Scientific classification
- Kingdom: Animalia
- Phylum: Chordata
- Class: Mammalia
- Infraclass: Placentalia
- Order: Artiodactyla
- Infraorder: Cetacea
- Family: Delphinidae
- Genus: Tursiops
- Species: T. aduncus
- Binomial name: Tursiops aduncus (Ehrenberg, 1833)
- Subspecies: T. aduncus australis (Burrunan dolphin);
- Synonyms: Delphinus aduncus Ehrenberg, 1833 ; Delphinus hamatus Wiegmann, 1841 ; Delphinus abusalam Rüppell, 1842 ; Tursiops catalania Gray, 1862 ; Tursio abusalam Gray, 1866 ; Steno gadamu Gray, 1866 ; Sotalia gadumu Owen, 1866 ; Clymenia gudamu Gray, 1868 ; Delphinus salam Van Beneden, 1886 ; Sotalia perniger Trouessart, 1898 ; Tursiops fergusoni Lydekker, 1903 ; Tursiops abusalam Trouessart, 1904 ; Tursiops truncatus aduncus Hershkovitz, 1966 ; Tursiops australis Charlton-Robb, et al, 2011 ;

= Indo-Pacific bottlenose dolphin =

- Genus: Tursiops
- Species: aduncus
- Authority: (Ehrenberg, 1833)
- Conservation status: NT

Species of mammal

Aerial view of a pod of Indo-Pacific bottlenose dolphins (Tursiops aduncus) with calves at Gordon's Bay, Sydney.

The Indo-Pacific bottlenose dolphin (Tursiops aduncus) is a species of bottlenose dolphin. This dolphin grows to 2.6 m long, and weighs up to 230 kg. It lives in the waters around India, northern Australia, South China, the Red Sea, and the eastern coast of Africa. Its back is dark grey and its belly is lighter grey or nearly white with grey spots.
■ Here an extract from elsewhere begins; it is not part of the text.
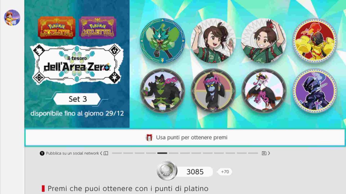A partire da questo momento sarà infatti possibile ottenere in premio delle nuove icone utenti, sfondi, personaggi e cornici riguardanti il Tesoro dell’Area Zero di Pokémon Scarlatto e Violetto.
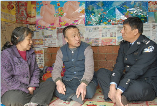 1968年8月出生,生前任黑龙江省哈尔滨市公安局阿城分局原党组副书记、松峰山派出所所长。在担任哈尔滨市阿城区松峰山派出所所长期间,他22年如一日服务山区群众,不断坚定“为山村百姓创造稳定和谐环境、改变贫困山区落后面貌”的信念,始终坚持“紧紧依靠群众、处处服务群众、事事为群众着想”的理念,与人民群众结下了深厚的手足之情,成为山村群众的贴心人。2010年被授予“全国公安系统一级英雄模范”。2013年5月2日,王影因病医治无效逝世。图为2008年10月30日傍晚,王影(右)来到三清村一户村民家调解邻里矛盾。 潘国忠 摄

The Indo-Pacific bottlenose dolphin is generally smaller than the common bottlenose dolphin, has a proportionately longer rostrum, and has spots on its belly and lower sides. It also has more teeth than the common bottlenose dolphin — 23 to 29 teeth on each side of each jaw compared to 21 to 24 for the common bottlenose dolphin.

Much of the old scientific data in the field combine data about the Indo-Pacific bottlenose dolphin and the common bottlenose dolphin into a single group, making it effectively useless in determining the structural differences between the two species. The IUCN lists the Indo-Pacific bottlenose dolphin as "near threatened" in their Red List of endangered species.

== Taxonomy ==
Until 1998, all bottlenose dolphins were considered members of the single species T. truncatus. But in that year, the Indo-Pacific bottlenose dolphin was recognized as a separate species. Both species are thought to have split during the mid-Pleistocene, about 1 million years ago.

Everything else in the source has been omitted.